Both now girls (oops!)
Finesthour LittleLola








Finesthour Littlecatess


----------



## Saikou (Apr 2, 2008)

Wow they have really grown since their last pics. Gorgeous babies, definitely chocolate box cuteness there.


----------



## colliemerles (Nov 2, 2007)

what beautiful babies, very very cute,xx


----------



## Baby Bordie (Jun 21, 2009)

There really cute!


----------



## tylow (Feb 11, 2009)

Absolutely gorgeous :001_wub:


----------



## Mollyrock (Jun 27, 2009)

Awww just look at them.... ...... how gorgeous


----------



## celicababe1986 (Jun 22, 2009)

Thats very adorable!!


----------



## messyhearts (Feb 6, 2009)

I just have to have a lilac next time! What gorgeous babes.


----------



## Taylorbaby (Jan 10, 2009)

awwwwwww soooooooo cute!


----------



## kittykat (Nov 2, 2007)

awww how adorable!

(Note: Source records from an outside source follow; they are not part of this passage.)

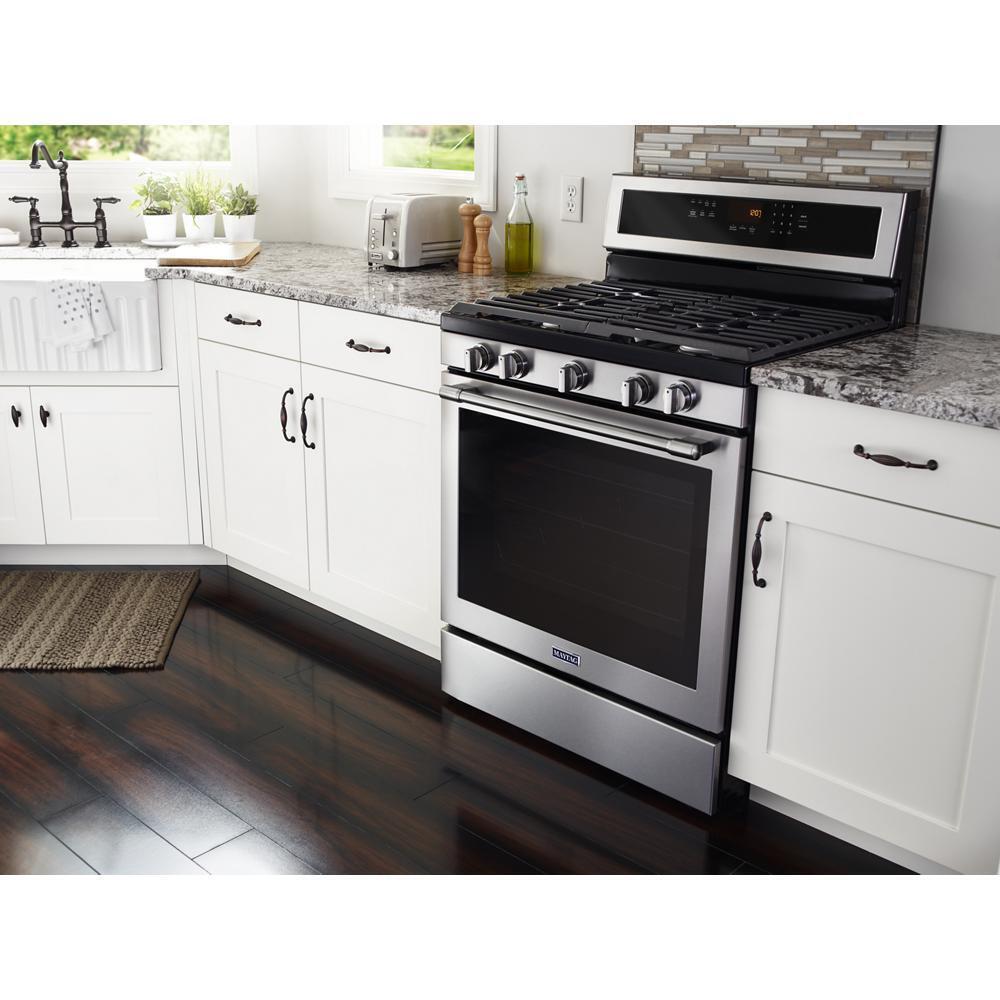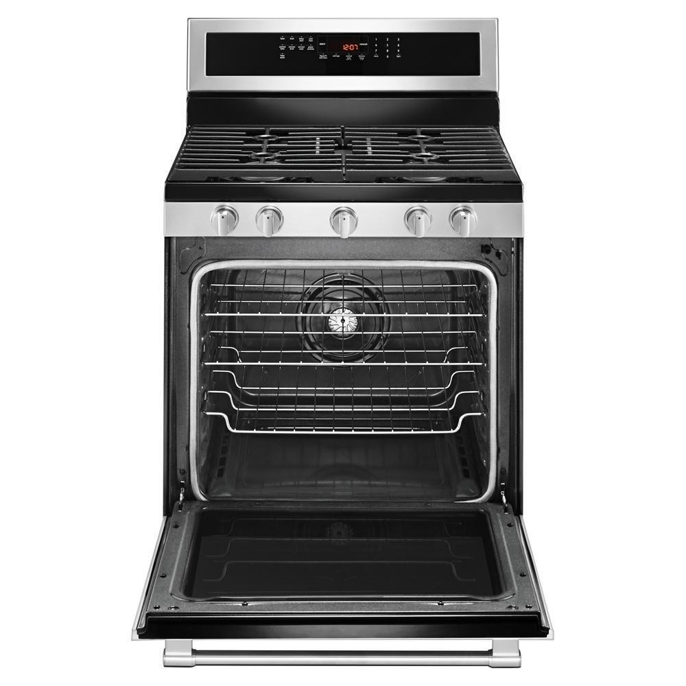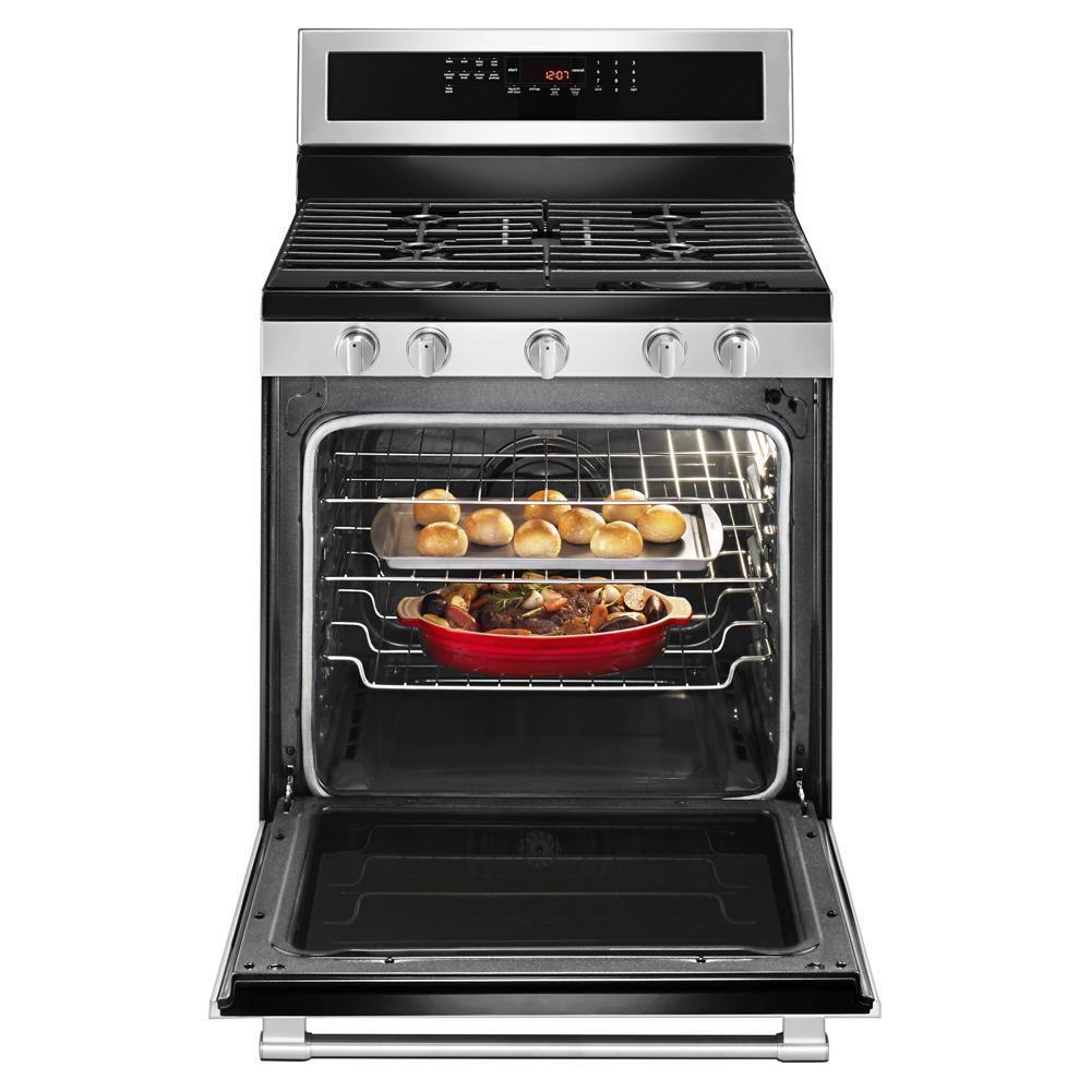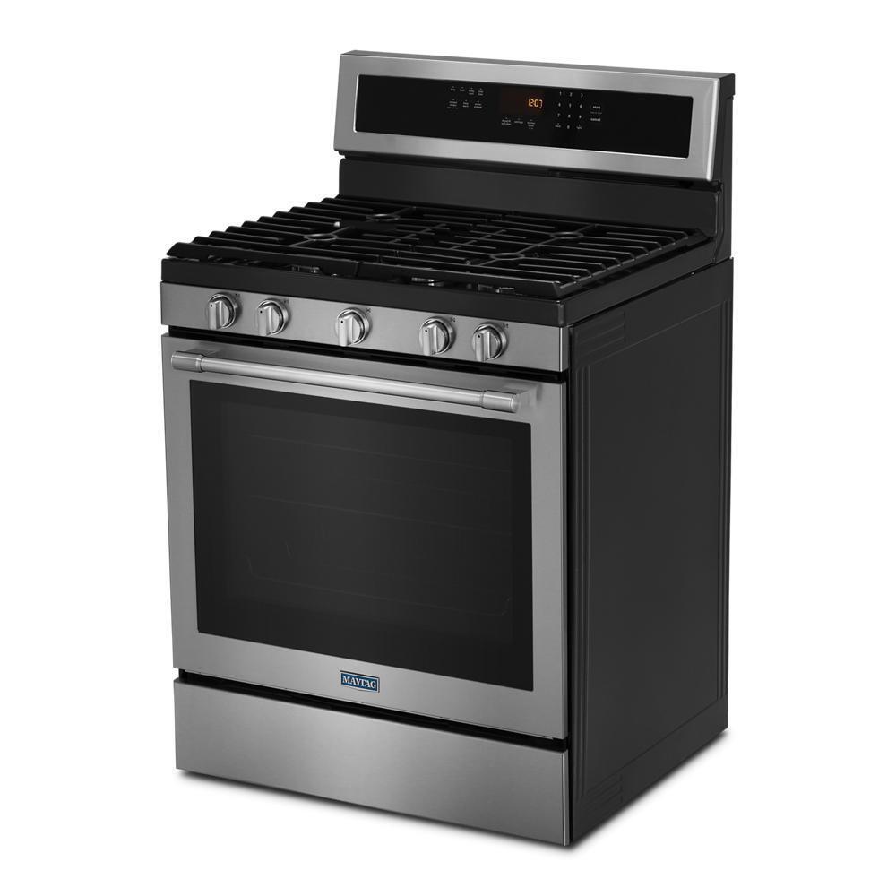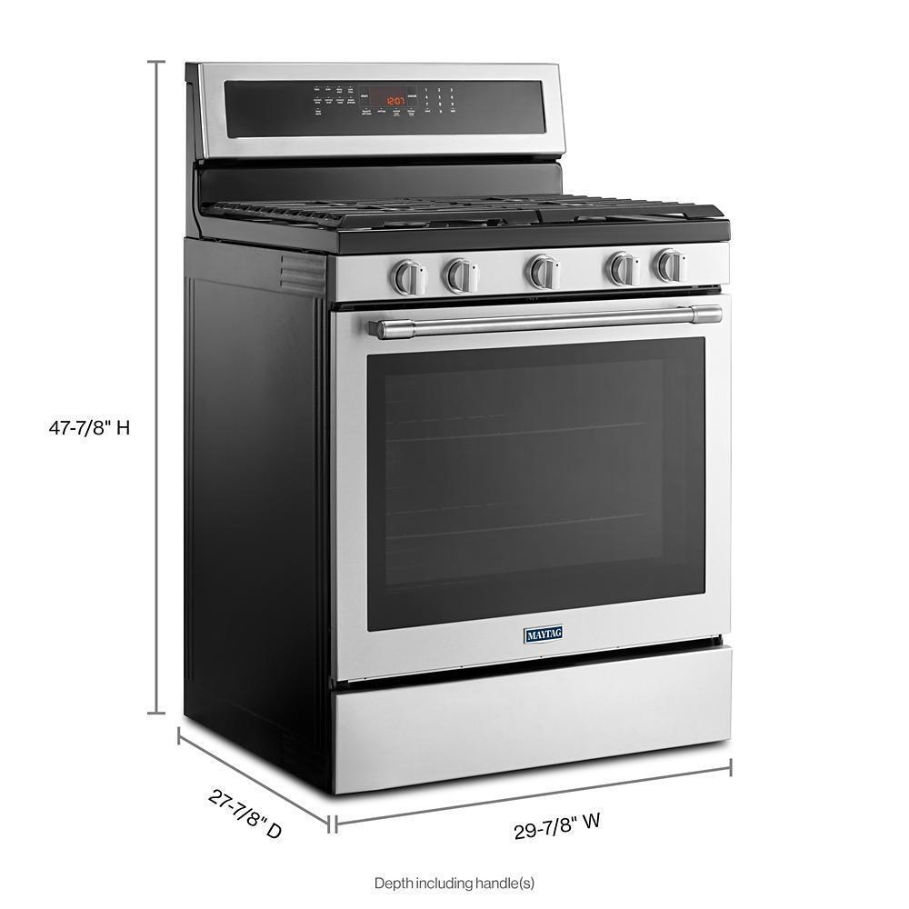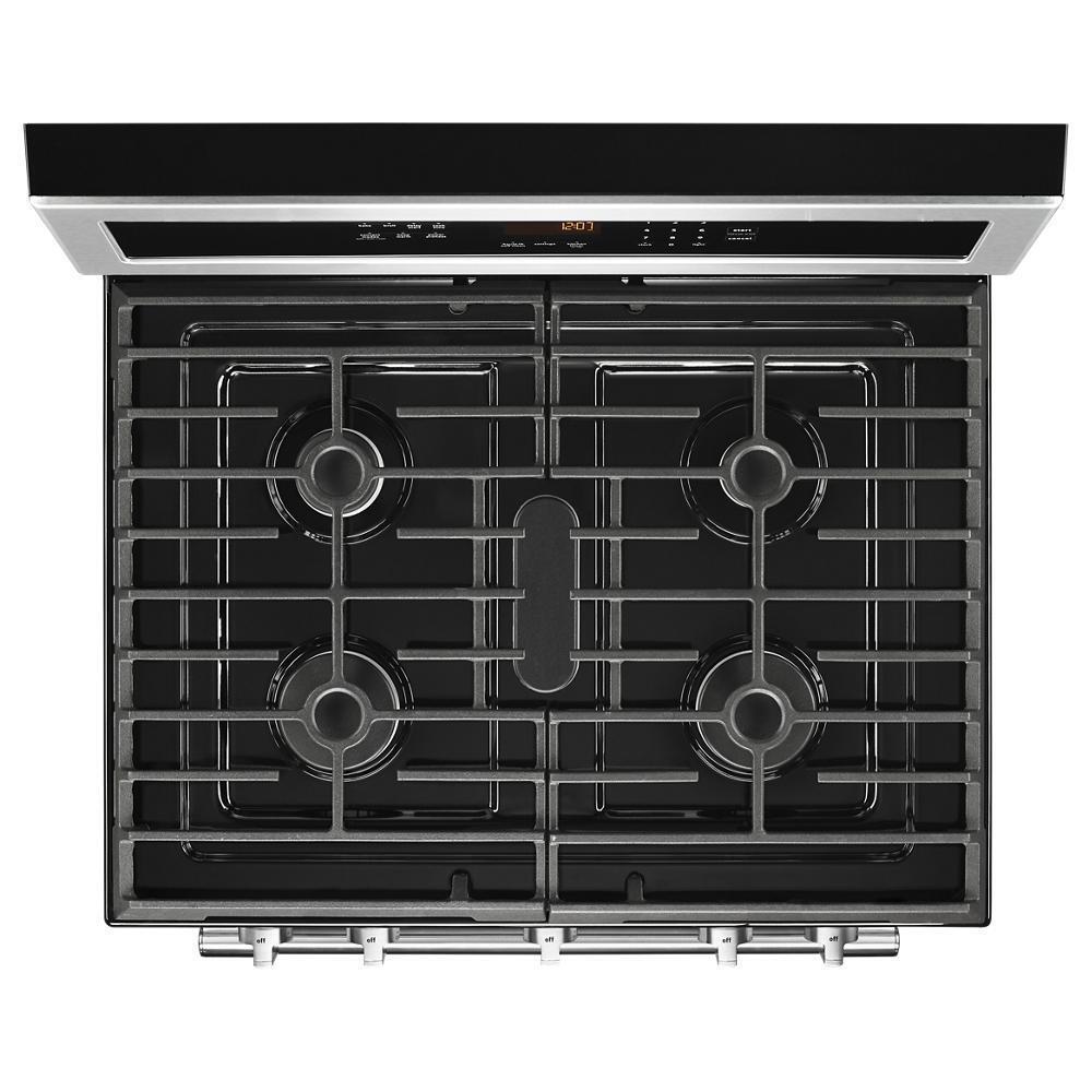 Our gas stove with included griddle plate is built for the long haul and is available in fingerprint resistant stainless steel. Power Preheat lets you start cooking sooner, while the Power™ burner brings the heat for quick searing and an even saut(eback). For faster baking and roasting, true convection with a third heating element helps keep temperatures consistent. Plus, you can count on this freestanding stove for a decade of dependability thanks to a 10-year limited parts warranty. Best of all, this 5.8 cu. ft. gas stove is designed, engineered and assembled in the U.S.A. with genuine American Pride.
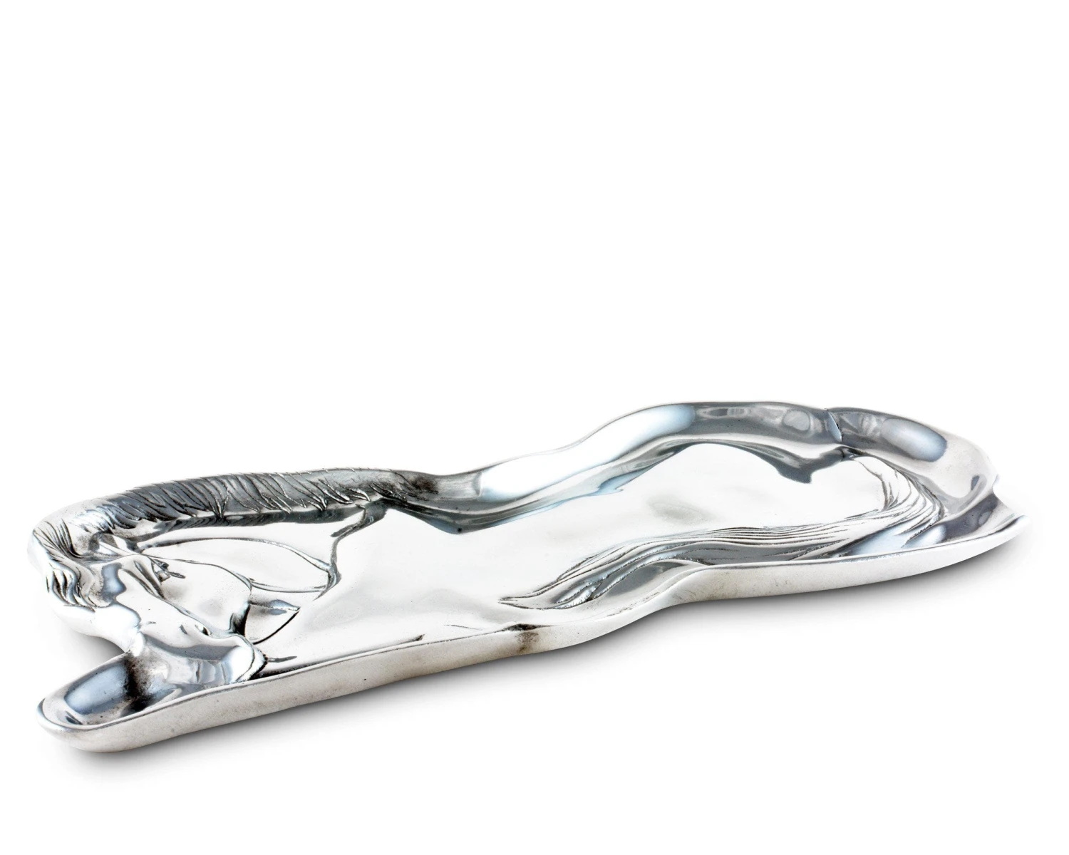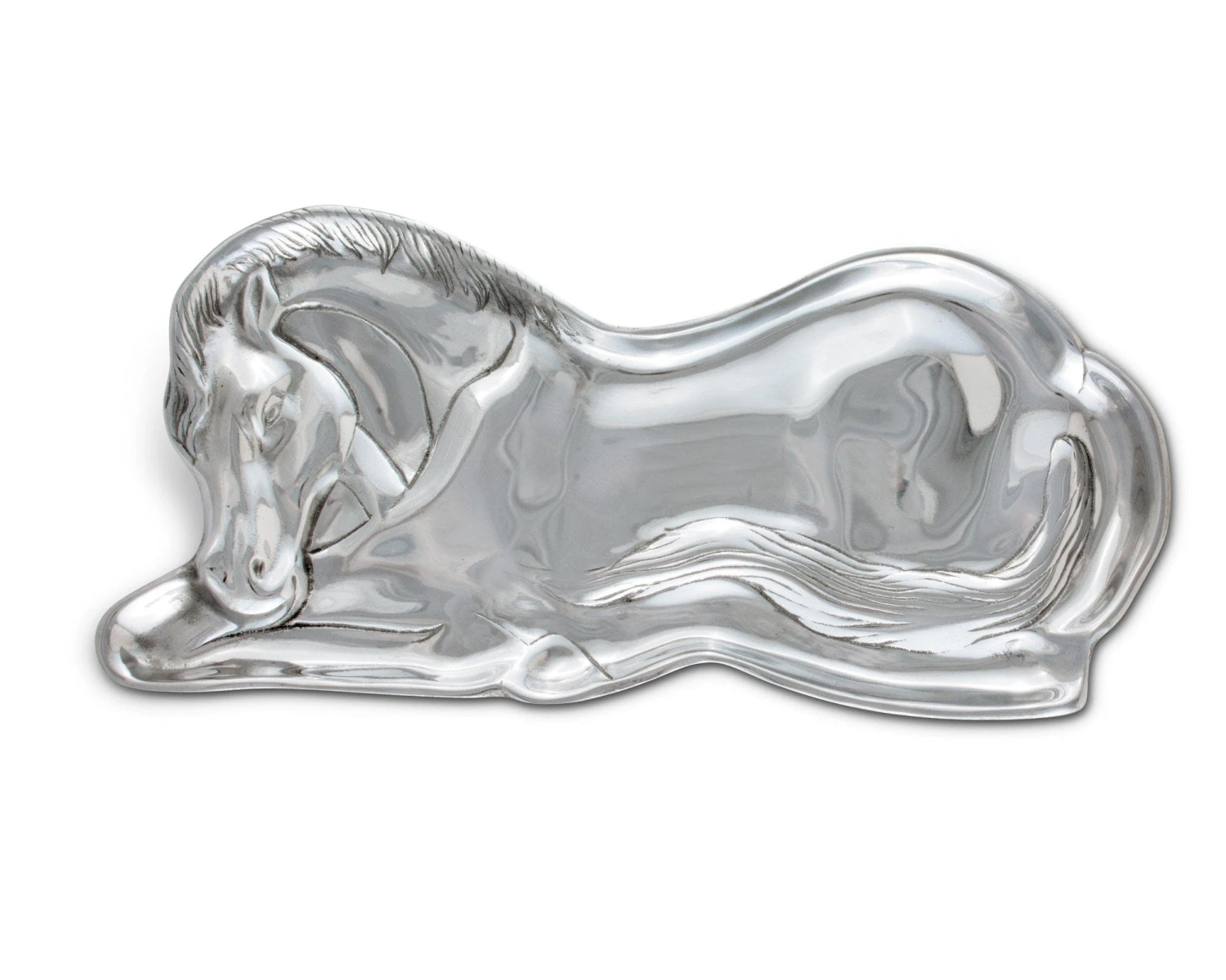 The shape of this design follows a stallion as it rests its head down for a nap. The textured lines offer a nice break in the otherwise clean edge of this handmade, aluminum tray.
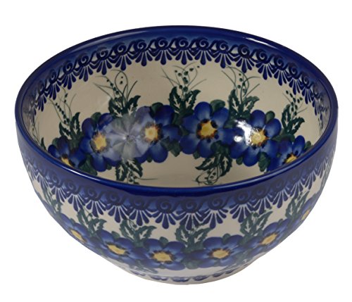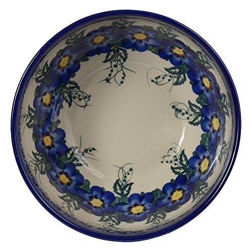 Traditional Polish Pottery, Handcrafted Ceramic Salad Bowl (1500ml), d.19cm, Boleslawiec Style Pattern, M.704.Pansy
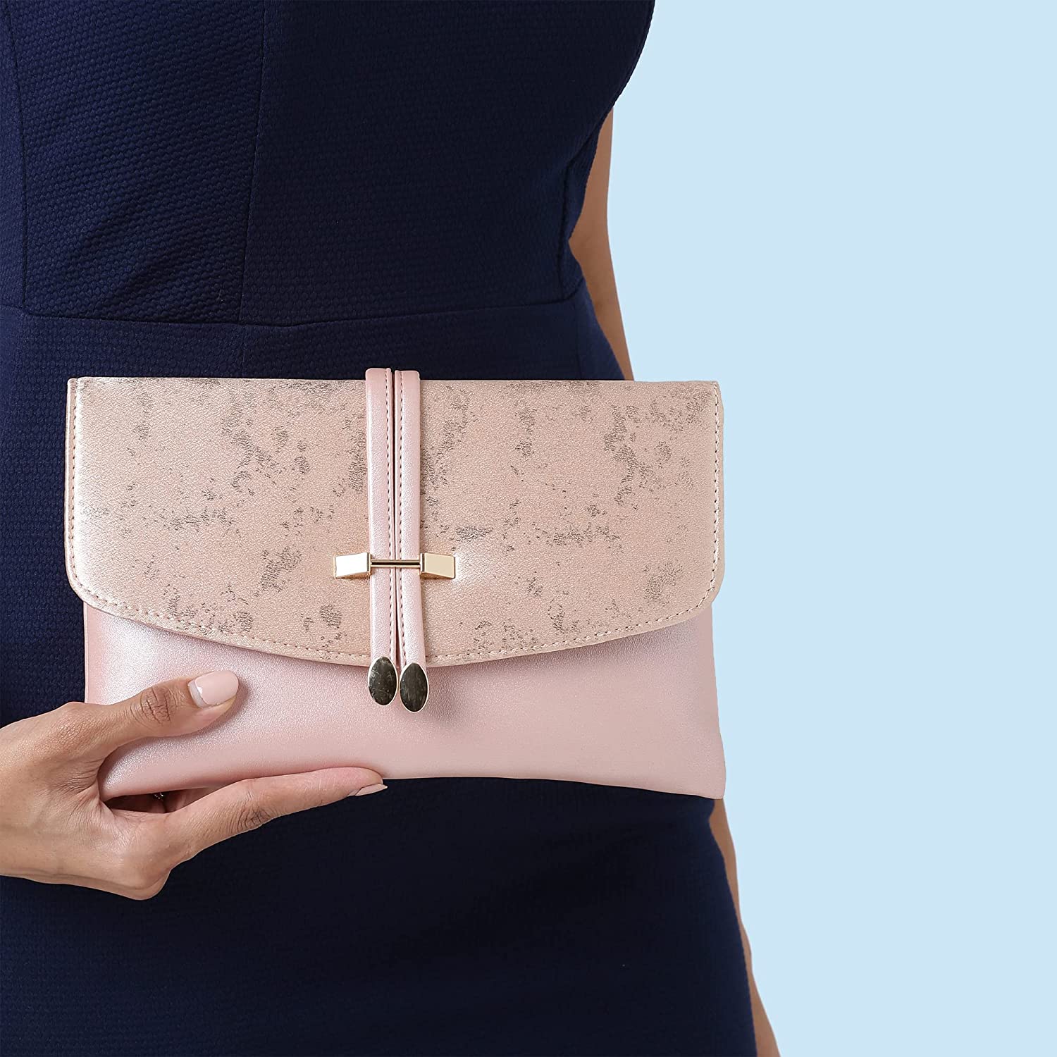 • This stylish envelope clutch by Lavie clutch is made with high end shiny fabric and metal embelishment. It has a flap which can be closed with a durable magnet and two zippered pocket to keep your valuable items safe
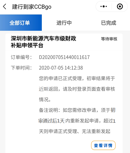 客戶完成補(bǔ)貼申請(qǐng)?zhí)峤缓?,平臺(tái)將進(jìn)行首次初審,初審結(jié)果將于近期返回并通過(guò)短信方式告知客戶。屆時(shí),客戶可通過(guò)登錄“建行到家CCBgo-我的-我的申請(qǐng)”查看審核進(jìn)展。

I want them!


----------



## ChinaBlue (Feb 3, 2008)

Oh they are so precious.


----------



## JoWDC (Jan 11, 2009)

I'm in love :001_wub: - they are both georgeous.


----------



## Indie (Nov 6, 2007)

Beautifull babies.


----------



## Jem29 (Dec 28, 2008)

Gorgeous kittens!


----------



## Gobaith (Jun 6, 2009)

Oh my goshh!!!! They are actually stunning 


Chloe x


----------



## littlekitty (May 5, 2009)

Aaww they are cuties.


----------



## Aud's_Mum (Aug 4, 2008)

*squeals* Look at little Lola!!

They are both adorable!


----------